Data excerpt:
___
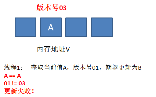 我们仍然以最初的例子来说明一下,假设地址V中存储着变量值A,当前版本号是01。线程1获得了当前值A和版本号01,想要更新为B,但是被阻塞了。
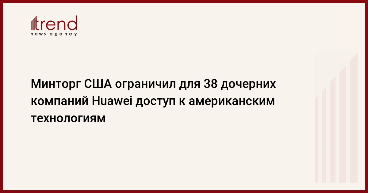Министерство торговли США в понедельник ввело ограничения в отношении 38 дочерних компаний китайской корпорации Huawei, касающихся доступа к американским технологиям и программному обеспечению. Об этом говорится в распространенном заявлении ведомства, передает Trend со ссылкой на ТАСС.
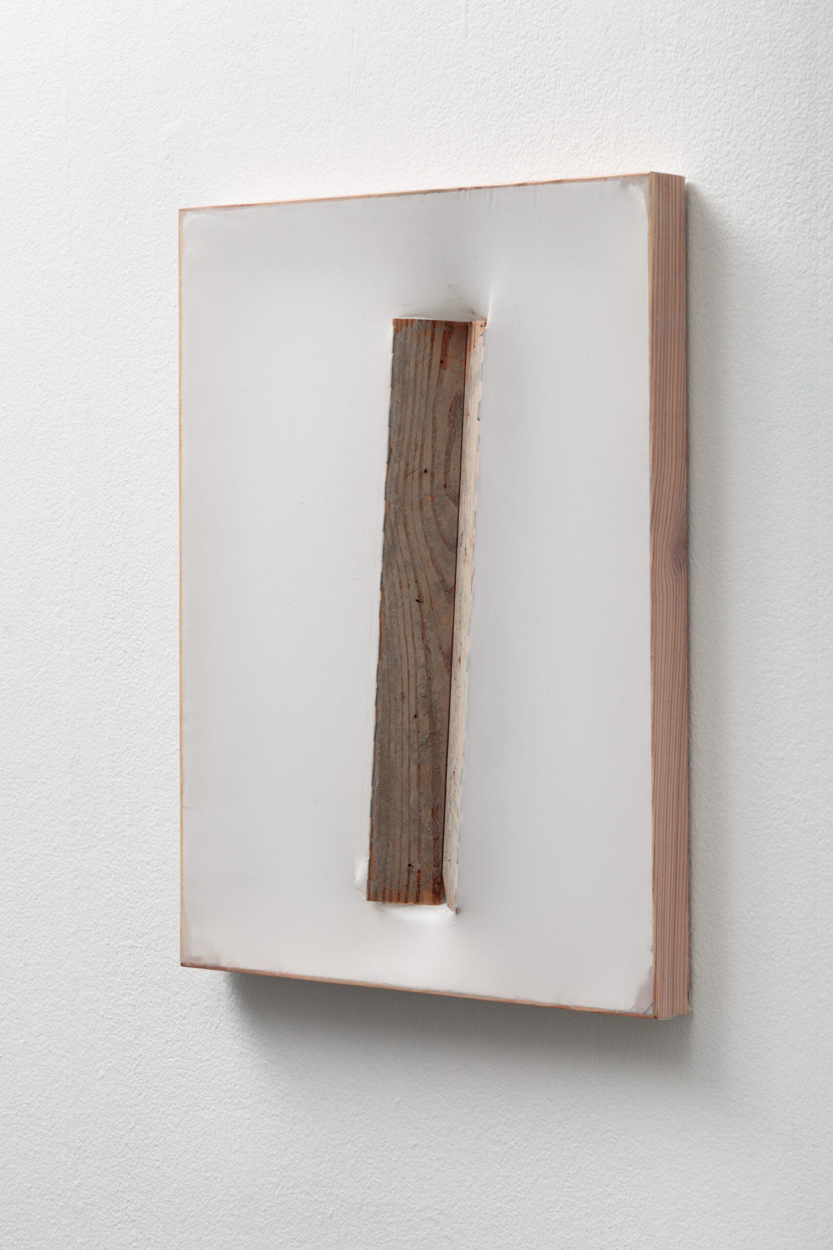 Novotný has a dog that barks a lot. His barking can often be heard from a distance when passers-by approach the house. He is often interrupted in his thoughts and work, and then has to start all over again. But the dog also often lies quietly outside the door, perhaps watching the fruit trees through which the sun shines alternately. He is not afraid of what is under the grate on which he lies, of emptiness and wet leaves, as most dogs would be. His fur grows through the metal mesh and the heat from his body spreads out into the cold construction. The reality of the place, a former farmhouse not far from Prague where the life of the capital is increasingly permeating and where the artist has a studio and now a home, is inscribed in a series of his latest small-scale works. He refers to it modestly, using phrases such as “a few private things”, “reality”, “moving away from large-format monochromes”. The thin sheer fabric in rolls merging with the heterogeneous objects that surround him create his habitat. He perceives disruptions from the work process in the form of a neighbor’s sawbench, a communal radio, or a bird’s encounter with the glass panes of his studio. The importance of each event, however, inevitably dissipates over time. The sequence of sparse installations deliberately displayed in the gallery’s courtyard reflects and reinforces this lived reality – the leaps out of set processes, only to then slowly fade away.
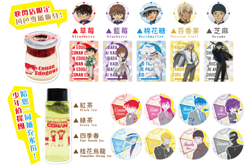 不同風味的奶酪、茶飲及甜點,滑嫩的奶酪口感搭配各種角色元素配料,柯南的草莓、小哀的藍莓、基德的棉花糖口味……讓人每口都能感受到角色所屬的好滋味!更特別規畫少年偵探團冷飲瓶、奶酪玻璃瓶,瓶身以各角色元素為設計主軸,搭配專屬配色,每款都無法割捨讓人想一次收藏!最重要的是還有新一和小蘭的蘋果派,象徵戀愛的酸甜口感,購買還可獲得兩人紀念寫真一張呢!
___
Task prompt:
The expected output is the full material above, unaltered, with pictures removed.

Solution to this problem:
 我们仍然以最初的例子来说明一下,假设地址V中存储着变量值A,当前版本号是01。线程1获得了当前值A和版本号01,想要更新为B,但是被阻塞了。
Министерство торговли США в понедельник ввело ограничения в отношении 38 дочерних компаний китайской корпорации Huawei, касающихся доступа к американским технологиям и программному обеспечению. Об этом говорится в распространенном заявлении ведомства, передает Trend со ссылкой на ТАСС.
 Novotný has a dog that barks a lot. His barking can often be heard from a distance when passers-by approach the house. He is often interrupted in his thoughts and work, and then has to start all over again. But the dog also often lies quietly outside the door, perhaps watching the fruit trees through which the sun shines alternately. He is not afraid of what is under the grate on which he lies, of emptiness and wet leaves, as most dogs would be. His fur grows through the metal mesh and the heat from his body spreads out into the cold construction. The reality of the place, a former farmhouse not far from Prague where the life of the capital is increasingly permeating and where the artist has a studio and now a home, is inscribed in a series of his latest small-scale works. He refers to it modestly, using phrases such as “a few private things”, “reality”, “moving away from large-format monochromes”. The thin sheer fabric in rolls merging with the heterogeneous objects that surround him create his habitat. He perceives disruptions from the work process in the form of a neighbor’s sawbench, a communal radio, or a bird’s encounter with the glass panes of his studio. The importance of each event, however, inevitably dissipates over time. The sequence of sparse installations deliberately displayed in the gallery’s courtyard reflects and reinforces this lived reality – the leaps out of set processes, only to then slowly fade away.
 不同風味的奶酪、茶飲及甜點,滑嫩的奶酪口感搭配各種角色元素配料,柯南的草莓、小哀的藍莓、基德的棉花糖口味……讓人每口都能感受到角色所屬的好滋味!更特別規畫少年偵探團冷飲瓶、奶酪玻璃瓶,瓶身以各角色元素為設計主軸,搭配專屬配色,每款都無法割捨讓人想一次收藏!最重要的是還有新一和小蘭的蘋果派,象徵戀愛的酸甜口感,購買還可獲得兩人紀念寫真一張呢!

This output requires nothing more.